« №2865 藤田嗣治作品展 | トップページ | №2867 大宮盆栽美術館 »

2015年10月30日 (金)

№2866 【図書館】について考える

 この日の新聞に、「本が売れないのは図書館の貸し出しが一因」という記事が載っていた。このところ、とみに出版の不況が話題にされている。そして、本が売れなくなった要因に、インターネットやスマホの普及とともに、公共図書館が増えたことが原因とすることが多い。

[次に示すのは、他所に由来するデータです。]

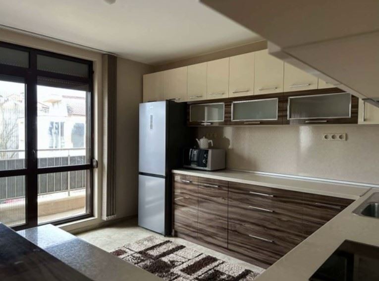 Имотът е обзаведен, с площ 103 кв.м, на 3-ти от 4 етажа в сграда с асансьор. Разпределението включва просторна дневна с кухня и трапезария, две спални, две бани с тоалетна и тераса.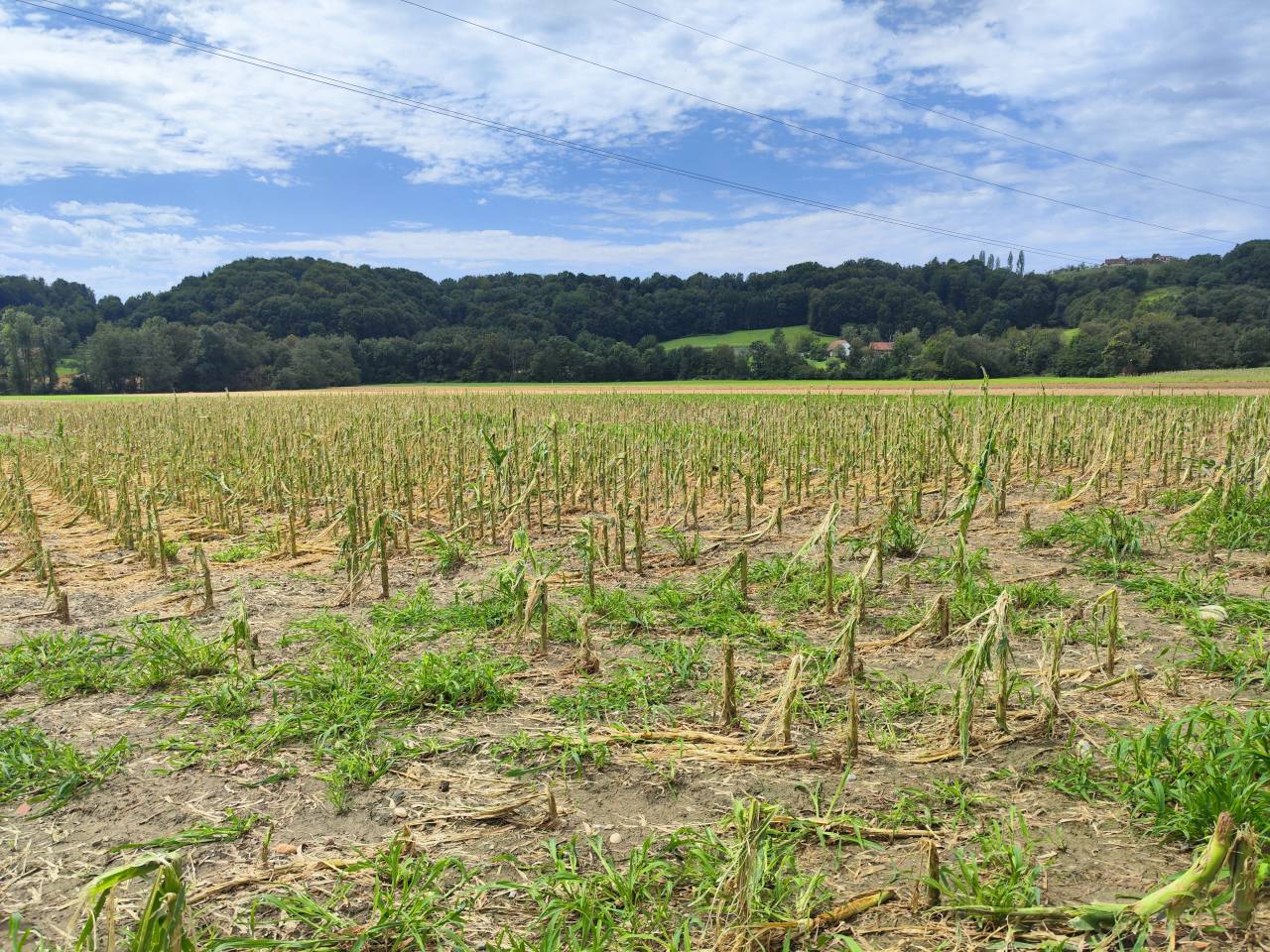 Irena Leonida Kropf, direktorica Kmetijsko gozdarskega zavoda Maribor, je dejala, da je popolnoma, torej 100-odstotno uničenih tri in pol hektarjev koruze, zaradi česar kmetom ne preostane drugega, kot da polja preorjejo. Popolnoma je uničenih tudi nekaj hektarjev vinogradov.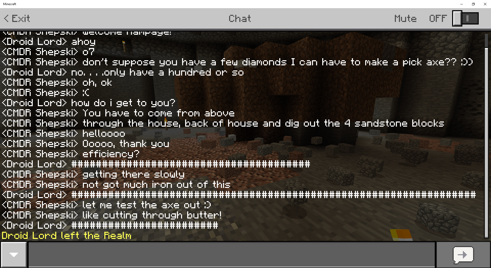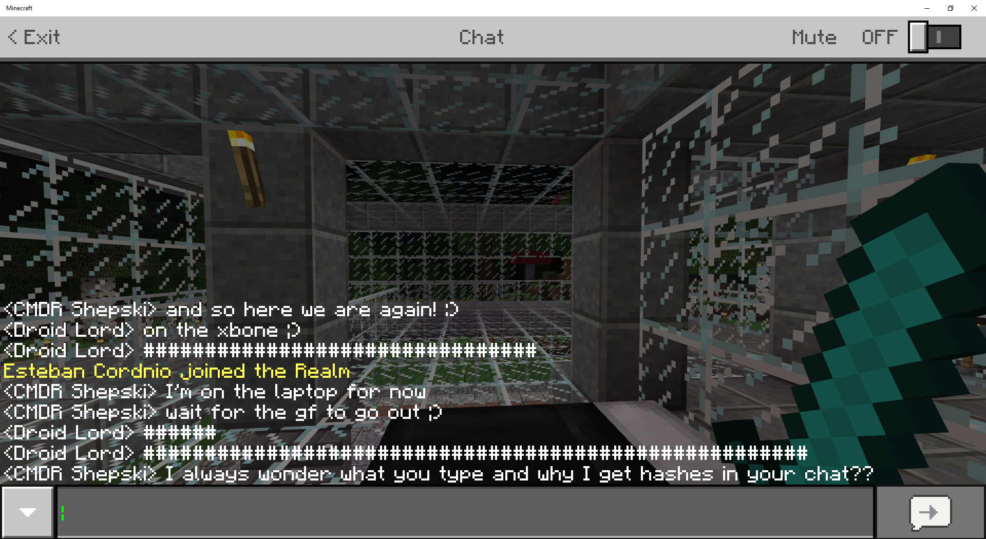 A strange chat issue has been hitting my friends and I. When I connect to a Realm from My Xbox One, chat seems to work as normal for one or two messages, after that all my chat messages are reported to be converted to '######'.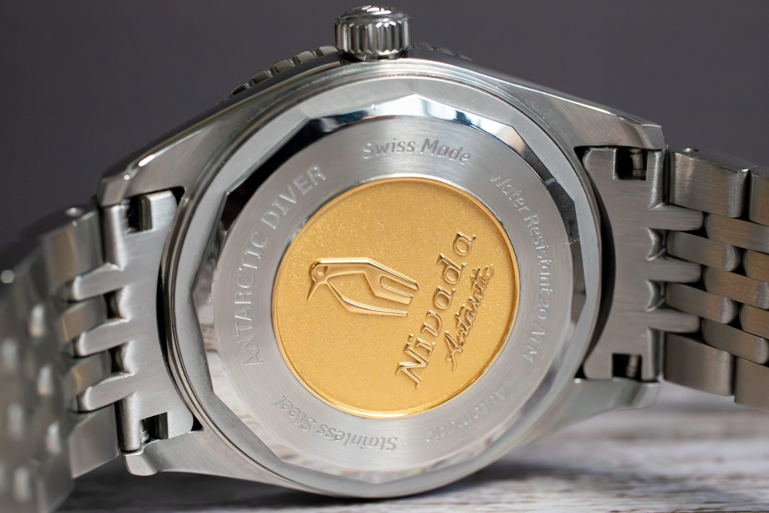 At 38mm with 12.9mm thickness, this delivers authentic period proportions that wear comfortably on modern wrists without the oversizing common in contemporary dive watches. The grey matte dial and bi-directional ceramic bezel maintain professional diving functionality while the Antarctic penguin caseback engraving connects to Nivada Grenchen’s polar exploration heritage.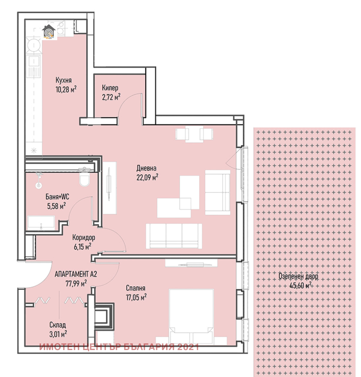 Предлага се двустаен апартамент с чиста площ 78 кв.м и 45 кв.м собствен двор!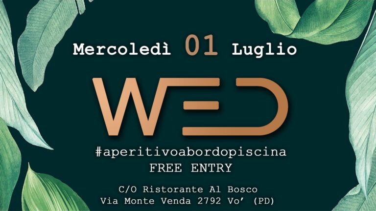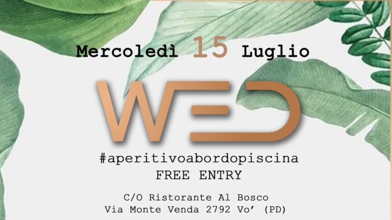 Mercoledì 15 Luglio ritorna l’appuntamento con WED, l’aperitivo si svolgerà sempre nella splendida cornice del parco con piscina del ristorante Al Bosco di Boccon di Vo’ (PD). UNA LOCATION UNICAMusica,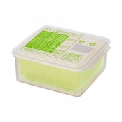 ○ザル付なので、レンジをかけたとき熱気がむらなく循環することで蒸しむらができずおいしく仕上がり、またお野菜を洗うところからあく抜き、水切り、レンジ調理、最後に冷蔵庫での保存まで1つで5役をこなします。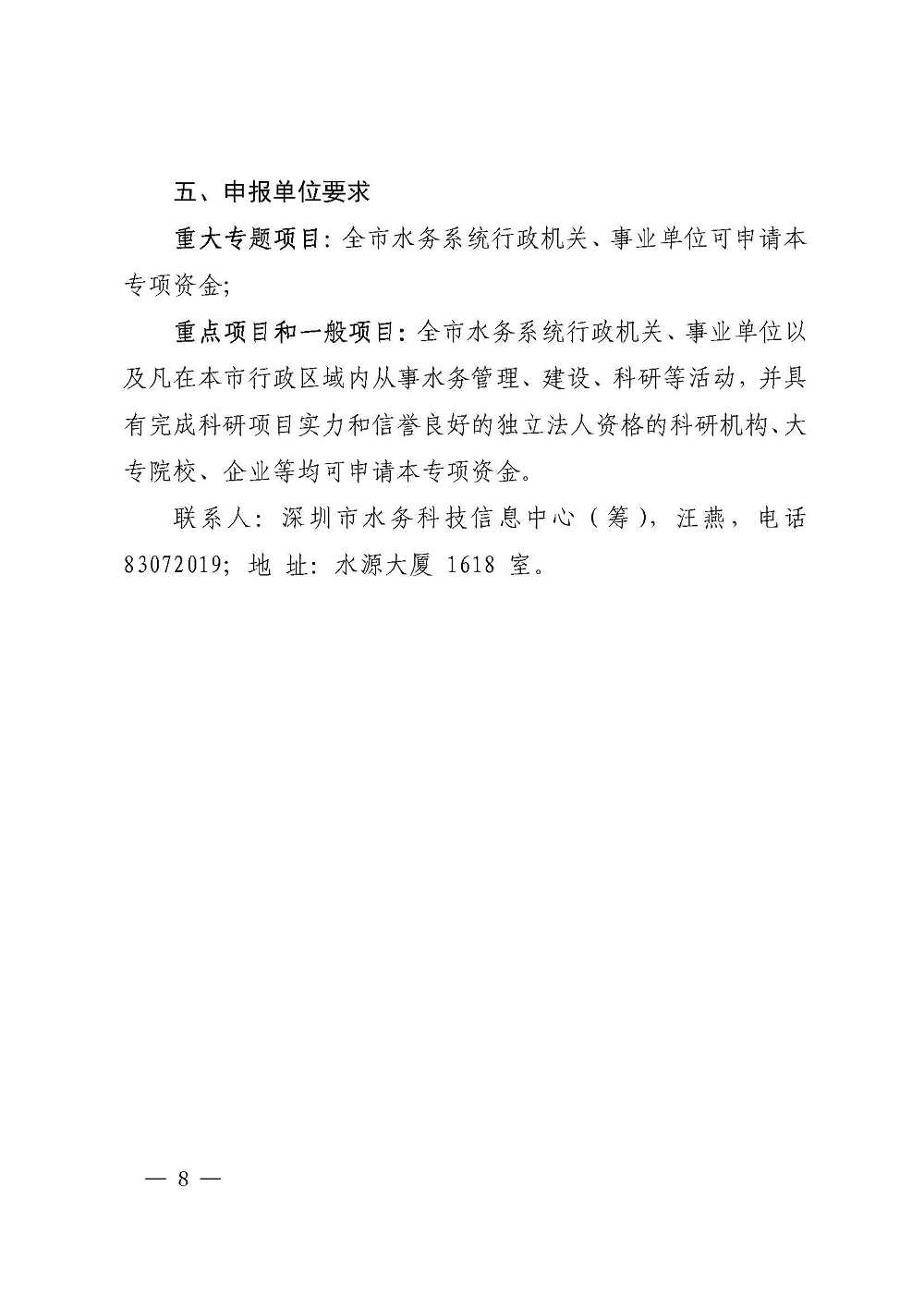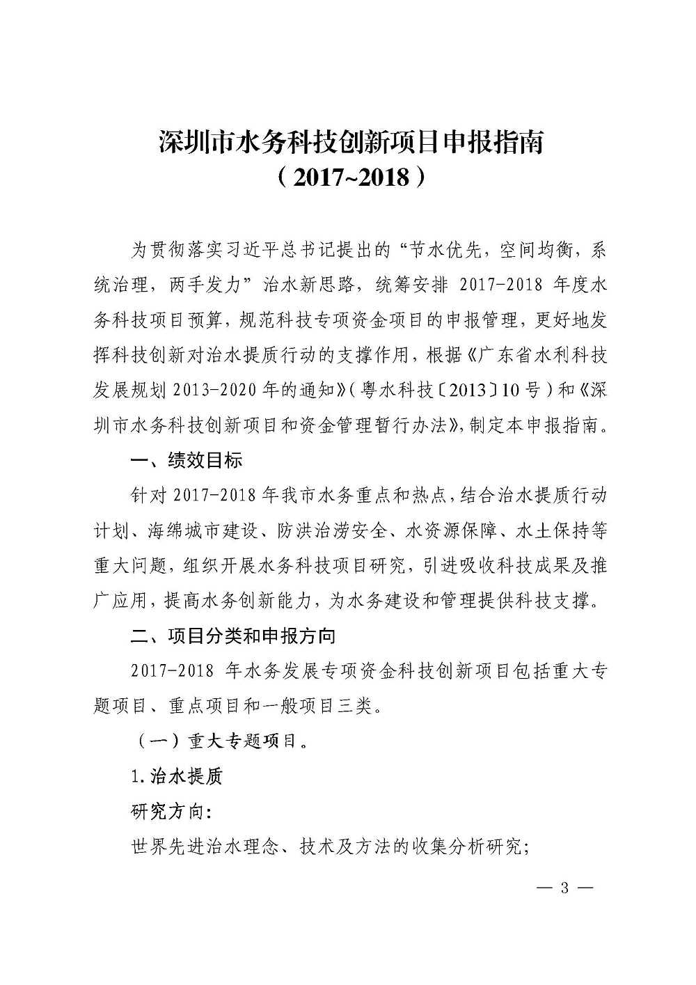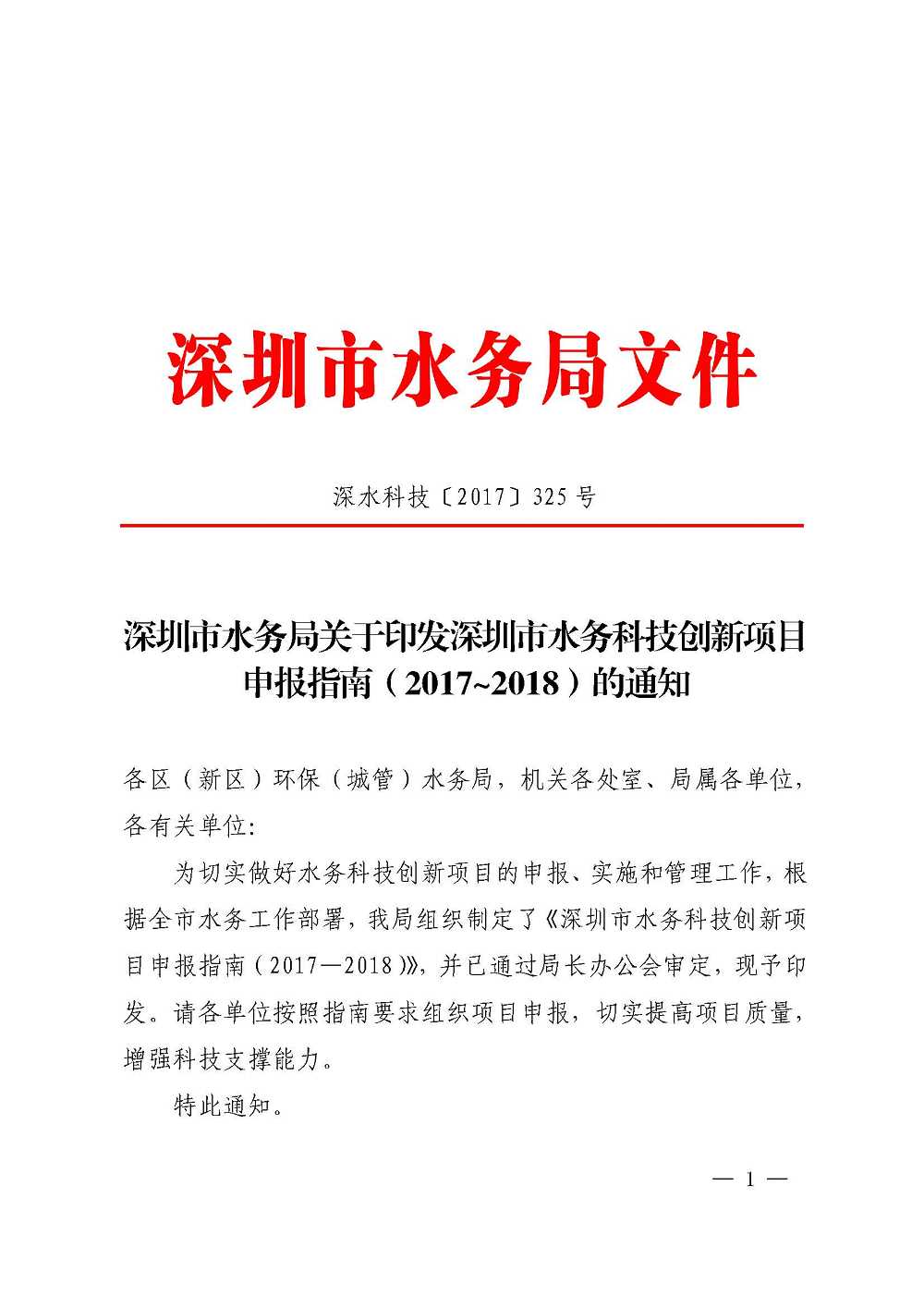 深圳市水务局关于印发深圳市水务科技创新项目申报指南(2017~2018)的通知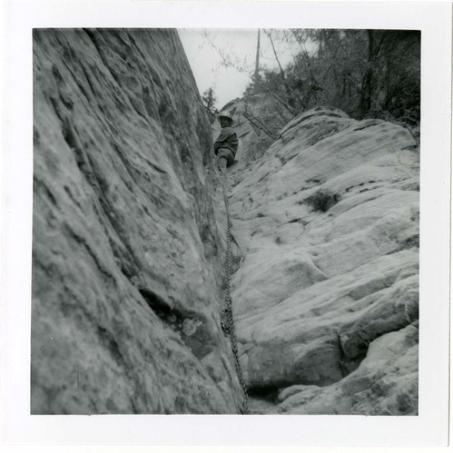 Workers during the Lady Mountain sign emplacement. ; ZION Museum and Archives Image 008.06.01-7of11 ; ZION 15933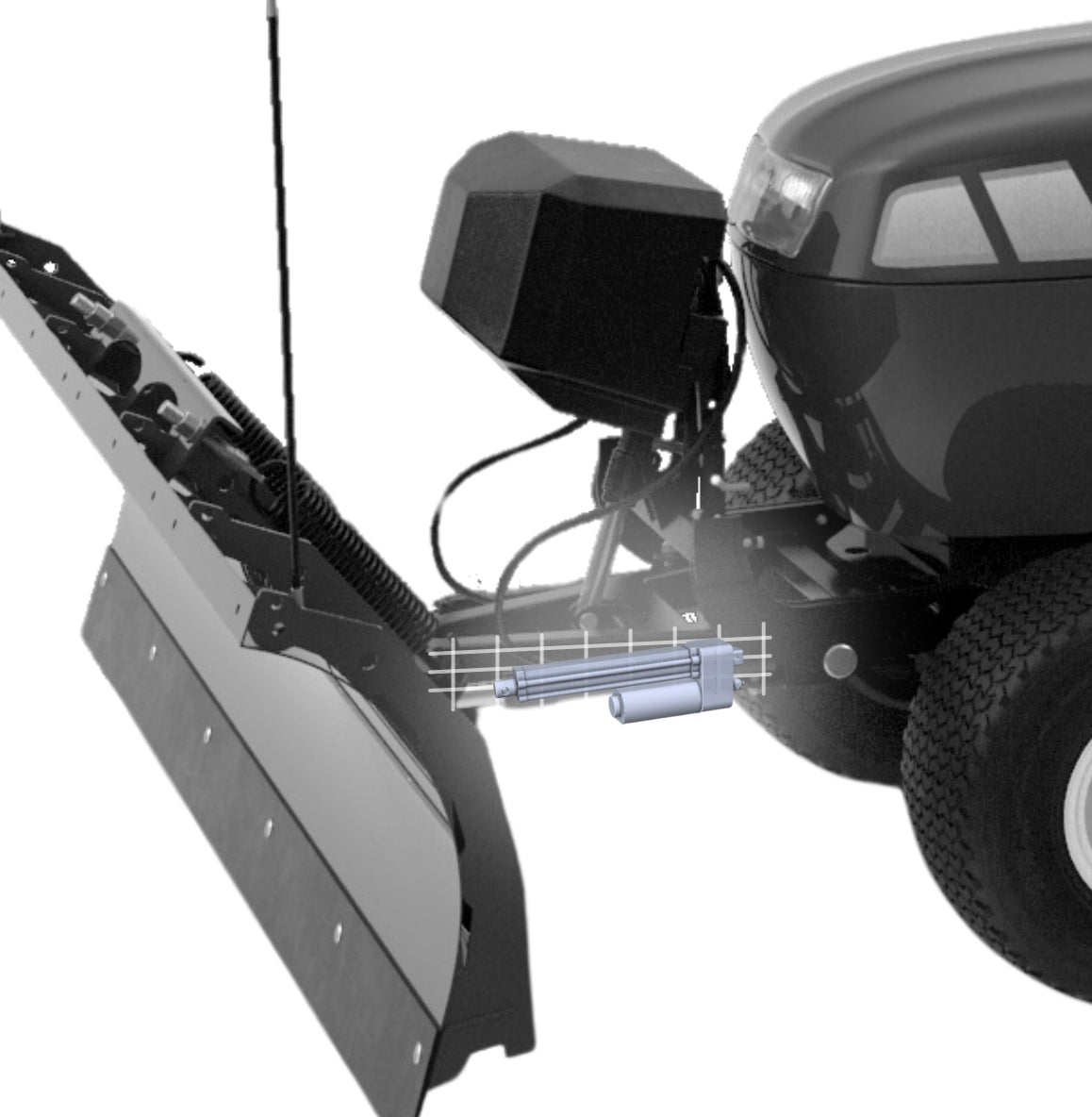 Electric linear actuators raise and lower the cutting blades to the optimal height for mowing.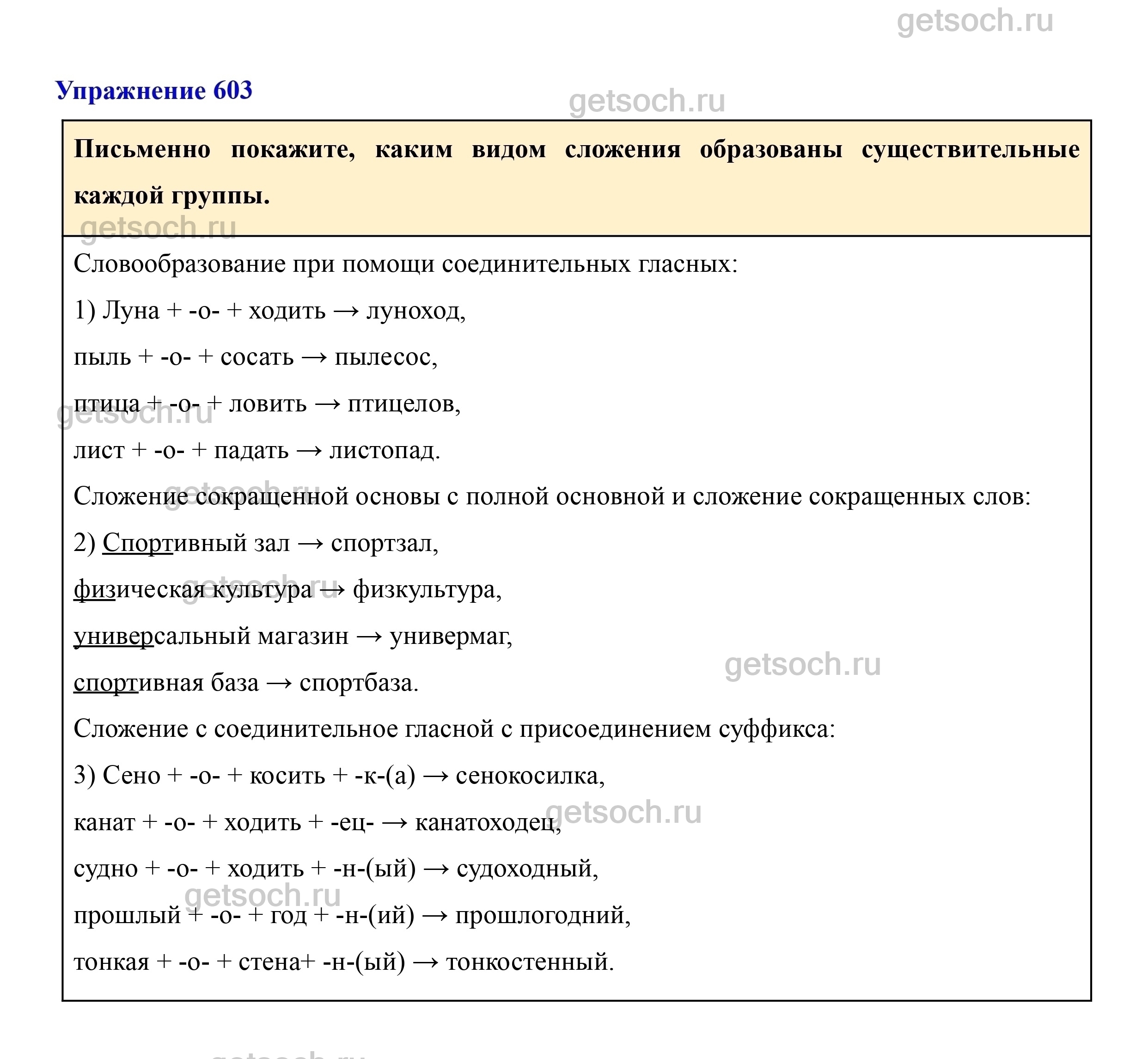 Рассмотрим ответы на Упражнение 603 из учебника по русскому языку для 7 класса Разумовской

Photo_2 朝日新聞の資料によると、公共図書館の貸し出し冊数の増加に反比例して、書籍の売り上げが減っているようだ。ある出版社の社長は、「図書館で新刊の一年間貸し出し猶予」を提案しているという。

 私は、図書館のヘビーユーザーである。月に2度の図書館通いは欠かせない。だから、このニュースは看過できない。

 私は思うのだが、出版不況の第一の要因は【出版企画の貧困】にある。売れないのは、第一に出版社側にある。それを差し置いて、外部に要因を求めるのは無責任というものだ。

 現に、昨年話題になったトマ・ピケティの『21世紀の資本』(みすず書房)は、高額な専門書にもかかわらず、10万部以上も売れたという。この本は例外としても、本が売れていない事実はある。

 私は、今では書店で本を買うことはほとんどない。大半、図書館で間に合わせている。どうだろうか、年間170~80冊も本を借りている。さらに、私が図書館で借りる本は、5年も10年もたった既刊本がほとんどで、新刊を借りることはない。緊急に読みたいと思う新刊がほとんどない。既刊本で充分間に合うからだ。

 いつも通う市立図書館は、平日も一杯である。それもほとんどが老人だ。老人が時間を有効に使うのに、これほど素敵な空間はない。図書館は、老人にとっての憩いの場としても重要だ。「図書館害悪論」は実態の知らない人のいうことだ。

 また、先日もこういうことがあった。愛知県の小牧市で市民投票があり、TSUTAYAが運営する新しい図書館を造るのに反対意見が多数になったという。選書が問題になったようだ。

 ただ、私が通う市立図書館の運営を見ている限り、何故市が図書館を運営しなければならないのだ、という疑問が湧く。半公務員が運営する図書館は、休館日が結構多い。毎週一回の休館のほかに、やれ棚卸だ、市の行事があるからと休んでいる。

 さらに、問題は閉館時間だ。毎日、午後5時には閉館となる。あまりにも早すぎるのだ。これが第3セクターに委託すると、こんなことはなくなるのじゃないかと期待している。第3セクターが運営する図書館の中には、年中無休で、開館時間は午前9時から午後9時までのところもあるらしい。さらには、コーヒーショップを併設しているという。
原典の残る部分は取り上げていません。